There are many ways in which you may use a caching-only DNS server:
They may be used at remote sites to reduce the amount of DNS query traffic that must pass across the WAN link. This is similar to the method I described for configuring a secondary name server at a remote site; however, it eliminates the overhead involved in zone transfers.
Caching-only DNS servers are commonly used on the local side of an Internet connection to reduce the amount of queries that must be sent to the ISP’s DNS servers.
Servers that perform a great deal of reverse-DNS lookups, such as Web servers, are often configured as caching-only DNS servers.
How DNS Servers Talk to Each Other
As you already know, primary and secondary servers have methods to exchange data so that they may each have a reasonably accurate copy of the DNS database, known as a zone file. The file transfer between these systems always moves downstream, from the primary name server to the secondary name server(s) within a particular zone.
It is tempting to think of this transfer as taking place in the same way that data is transferred between a primary domain controller and a backup domain controller, but they work in very different ways. While PDC-to-BDC transfers perform a similar function, they are capable of transferring incremental changes. DNS is not this elegant; each time a modification is made, the entire zone file must be transferred. As you can imagine, this can be a bandwidth-consuming transfer in large zones.
ZONE MODIFICATION NOTIFICATION
Zone transfers are inefficient beasts, but they do not happen without some level of intelligence. It would be really wasteful if secondary servers simply downloaded the zone file on a prescheduled basis, so DNS has implemented a method of checking for changes. By default, secondary name servers check for a modification to the zone file when the DNS service starts and every three hours thereafter. The administrator can change this default.

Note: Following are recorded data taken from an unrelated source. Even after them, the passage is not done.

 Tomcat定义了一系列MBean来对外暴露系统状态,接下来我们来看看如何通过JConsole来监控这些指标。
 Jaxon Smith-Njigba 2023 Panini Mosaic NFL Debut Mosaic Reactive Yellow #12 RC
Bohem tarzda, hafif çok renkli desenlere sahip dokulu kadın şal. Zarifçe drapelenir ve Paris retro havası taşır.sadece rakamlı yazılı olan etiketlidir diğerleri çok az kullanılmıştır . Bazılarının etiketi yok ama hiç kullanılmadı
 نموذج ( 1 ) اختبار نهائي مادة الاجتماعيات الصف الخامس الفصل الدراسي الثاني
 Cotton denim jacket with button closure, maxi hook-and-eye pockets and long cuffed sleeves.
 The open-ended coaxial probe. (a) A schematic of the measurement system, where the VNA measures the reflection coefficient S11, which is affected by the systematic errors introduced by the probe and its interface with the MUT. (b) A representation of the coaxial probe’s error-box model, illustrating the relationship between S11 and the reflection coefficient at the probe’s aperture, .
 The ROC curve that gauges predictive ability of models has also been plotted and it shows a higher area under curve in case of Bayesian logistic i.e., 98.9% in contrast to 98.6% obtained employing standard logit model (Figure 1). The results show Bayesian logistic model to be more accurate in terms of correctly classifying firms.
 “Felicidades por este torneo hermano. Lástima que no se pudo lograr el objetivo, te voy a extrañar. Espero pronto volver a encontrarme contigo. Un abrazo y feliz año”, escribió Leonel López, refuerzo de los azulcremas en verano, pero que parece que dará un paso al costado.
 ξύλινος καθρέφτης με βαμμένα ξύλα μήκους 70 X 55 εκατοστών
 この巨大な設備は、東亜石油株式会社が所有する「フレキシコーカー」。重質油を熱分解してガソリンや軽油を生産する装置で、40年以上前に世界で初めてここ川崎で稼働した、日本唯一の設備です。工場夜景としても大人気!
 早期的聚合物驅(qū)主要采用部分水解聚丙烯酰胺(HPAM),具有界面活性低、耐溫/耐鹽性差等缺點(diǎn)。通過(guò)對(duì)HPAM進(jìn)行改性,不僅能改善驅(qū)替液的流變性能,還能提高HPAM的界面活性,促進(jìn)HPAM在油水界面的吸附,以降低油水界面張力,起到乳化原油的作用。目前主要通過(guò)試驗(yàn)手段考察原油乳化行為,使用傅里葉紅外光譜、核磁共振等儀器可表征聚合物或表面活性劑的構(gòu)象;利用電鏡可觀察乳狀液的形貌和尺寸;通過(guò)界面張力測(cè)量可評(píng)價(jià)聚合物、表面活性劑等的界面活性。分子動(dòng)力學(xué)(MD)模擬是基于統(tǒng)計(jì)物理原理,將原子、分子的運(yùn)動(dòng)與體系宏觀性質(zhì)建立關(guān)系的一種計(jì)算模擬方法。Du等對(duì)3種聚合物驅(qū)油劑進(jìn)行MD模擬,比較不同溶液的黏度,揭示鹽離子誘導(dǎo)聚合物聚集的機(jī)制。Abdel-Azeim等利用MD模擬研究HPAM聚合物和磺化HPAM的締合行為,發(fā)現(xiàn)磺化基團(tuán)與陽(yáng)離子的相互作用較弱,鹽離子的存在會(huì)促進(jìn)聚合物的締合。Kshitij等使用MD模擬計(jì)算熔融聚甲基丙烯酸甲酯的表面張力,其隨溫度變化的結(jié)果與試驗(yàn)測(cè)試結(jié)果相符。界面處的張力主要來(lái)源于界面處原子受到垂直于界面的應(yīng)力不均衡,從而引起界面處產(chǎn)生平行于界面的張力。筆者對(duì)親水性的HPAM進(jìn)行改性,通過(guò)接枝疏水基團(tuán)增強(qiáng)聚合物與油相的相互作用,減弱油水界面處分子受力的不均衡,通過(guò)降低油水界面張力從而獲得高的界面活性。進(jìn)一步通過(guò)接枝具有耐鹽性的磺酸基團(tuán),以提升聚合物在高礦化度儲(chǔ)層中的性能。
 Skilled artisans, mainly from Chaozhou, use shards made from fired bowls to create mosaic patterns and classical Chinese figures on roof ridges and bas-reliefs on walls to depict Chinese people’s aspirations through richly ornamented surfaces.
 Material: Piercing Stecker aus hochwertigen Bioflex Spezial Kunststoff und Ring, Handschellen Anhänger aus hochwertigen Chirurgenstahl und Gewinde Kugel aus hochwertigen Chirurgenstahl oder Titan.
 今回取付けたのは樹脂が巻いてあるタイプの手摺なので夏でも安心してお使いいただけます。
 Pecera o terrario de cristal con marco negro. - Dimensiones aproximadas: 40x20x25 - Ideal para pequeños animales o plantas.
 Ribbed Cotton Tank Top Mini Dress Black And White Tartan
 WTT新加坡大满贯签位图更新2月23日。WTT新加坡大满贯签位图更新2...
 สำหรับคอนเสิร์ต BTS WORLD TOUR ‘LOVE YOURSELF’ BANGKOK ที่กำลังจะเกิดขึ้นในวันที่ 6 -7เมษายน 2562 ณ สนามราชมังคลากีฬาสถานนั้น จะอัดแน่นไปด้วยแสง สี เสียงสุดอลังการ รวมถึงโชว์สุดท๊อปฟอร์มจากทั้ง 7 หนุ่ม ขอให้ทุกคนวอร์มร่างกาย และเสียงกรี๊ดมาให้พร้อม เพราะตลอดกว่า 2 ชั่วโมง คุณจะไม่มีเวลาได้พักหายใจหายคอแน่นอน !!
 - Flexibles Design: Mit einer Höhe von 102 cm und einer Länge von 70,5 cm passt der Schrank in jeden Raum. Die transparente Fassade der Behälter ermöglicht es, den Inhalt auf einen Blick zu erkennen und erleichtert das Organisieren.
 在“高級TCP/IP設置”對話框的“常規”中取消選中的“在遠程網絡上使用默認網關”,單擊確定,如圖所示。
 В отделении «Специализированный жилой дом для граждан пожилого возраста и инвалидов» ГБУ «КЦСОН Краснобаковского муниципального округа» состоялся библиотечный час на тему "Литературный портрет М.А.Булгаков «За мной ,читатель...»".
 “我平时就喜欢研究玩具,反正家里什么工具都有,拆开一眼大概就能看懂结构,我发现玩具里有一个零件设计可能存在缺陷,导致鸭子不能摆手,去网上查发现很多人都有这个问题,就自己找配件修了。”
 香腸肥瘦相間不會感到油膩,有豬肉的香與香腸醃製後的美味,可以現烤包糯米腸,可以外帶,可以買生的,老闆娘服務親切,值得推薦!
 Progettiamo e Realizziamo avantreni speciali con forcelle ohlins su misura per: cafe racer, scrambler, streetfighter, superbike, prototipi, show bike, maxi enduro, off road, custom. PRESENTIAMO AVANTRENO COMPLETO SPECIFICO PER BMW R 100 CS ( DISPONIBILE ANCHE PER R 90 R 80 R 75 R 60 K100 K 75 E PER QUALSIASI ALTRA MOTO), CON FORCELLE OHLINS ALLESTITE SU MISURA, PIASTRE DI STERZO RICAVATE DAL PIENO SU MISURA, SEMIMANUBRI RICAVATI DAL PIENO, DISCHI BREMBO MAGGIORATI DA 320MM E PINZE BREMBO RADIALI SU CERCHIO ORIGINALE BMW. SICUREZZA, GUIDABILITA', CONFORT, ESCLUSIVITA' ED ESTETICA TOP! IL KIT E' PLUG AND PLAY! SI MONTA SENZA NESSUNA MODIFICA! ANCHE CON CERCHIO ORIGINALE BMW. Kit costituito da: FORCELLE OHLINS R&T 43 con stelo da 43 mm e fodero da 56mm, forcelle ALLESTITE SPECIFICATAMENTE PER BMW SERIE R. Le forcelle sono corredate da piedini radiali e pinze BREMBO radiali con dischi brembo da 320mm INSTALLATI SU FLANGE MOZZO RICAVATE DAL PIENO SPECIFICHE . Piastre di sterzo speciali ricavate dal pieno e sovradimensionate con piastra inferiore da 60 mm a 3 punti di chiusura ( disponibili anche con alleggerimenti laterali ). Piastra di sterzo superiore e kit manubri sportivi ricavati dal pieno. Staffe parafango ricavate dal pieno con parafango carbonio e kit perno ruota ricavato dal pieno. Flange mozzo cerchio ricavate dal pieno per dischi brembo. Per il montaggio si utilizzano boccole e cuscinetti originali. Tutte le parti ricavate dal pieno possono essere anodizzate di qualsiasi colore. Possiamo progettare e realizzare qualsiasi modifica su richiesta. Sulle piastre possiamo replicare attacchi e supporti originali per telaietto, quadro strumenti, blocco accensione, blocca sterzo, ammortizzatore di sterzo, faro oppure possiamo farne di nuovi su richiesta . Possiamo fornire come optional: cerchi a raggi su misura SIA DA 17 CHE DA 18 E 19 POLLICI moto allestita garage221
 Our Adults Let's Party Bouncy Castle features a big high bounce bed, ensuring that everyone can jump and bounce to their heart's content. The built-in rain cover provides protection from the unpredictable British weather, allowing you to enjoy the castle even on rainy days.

This zone modification check is done by comparing a value in the SOA record of the primary name server with the corresponding value stored by the secondary name server. In this way, the SOA record is used to store information about the status of the zone file. Within that SOA record is a field called Serial Number (also referred to as Version Number), which increments each time a change is made to the database.
Using the serial number, the secondary name server is able to determine whether changes have occurred since it last requested a zone transfer. If the secondary name server finds that the serial number of the primary name server is greater than its own, it will request the newer copy of the database.
The impact on the network of merely checking the version of the zone file is minimal. A single packet is transmitted from the secondary name server to the primary name server, and a single packet is returned in response. The first packet is nothing more than a request for the SOA record, and the response is (logically enough) the current SOA record. Because of this clever design, the version of the DNS database may be checked without adding any complexity to the DNS protocol–the standard method of querying DNS records works well.
ZONE TRANSFERS
As described in the previous section, a zone transfer occurs each time the primary name server notifies a secondary name server that an update has occurred. If the database version reported by the primary name server is indeed greater than the version currently stored on the secondary name server, the secondary will send a request for zone transfer packet to the primary. This is a special type of packet, which shows up in Network Monitor with a description of “Std Qry for <domain name> of type Req. for zn Xfer on class INET addr.” The response will be the sum total of the zone file, which varies widely in length depending on the size of the database.
The fact that there is no incremental zone file transfer is a great reason to keep your zones small, and primary and secondary name servers close together. If you frequently update the DNS database, zone transfers will happen, at most, every three hours. Keeping the zone file small helps to keep the impact on the network low. This is an especially important consideration for zone transfers that occur across low-bandwidth links.
Name Resolution
So far in this chapter, I’ve spent a lot of time talking about clients and servers querying each other, but I haven’t gone into any detail regarding how these queries are performed. There are several different ways, and a lot of complexity, to determine exactly how these queries behave. Essentially, all queries can be divided into one of three families: recursive, iterative, and reverse (or inverse) queries.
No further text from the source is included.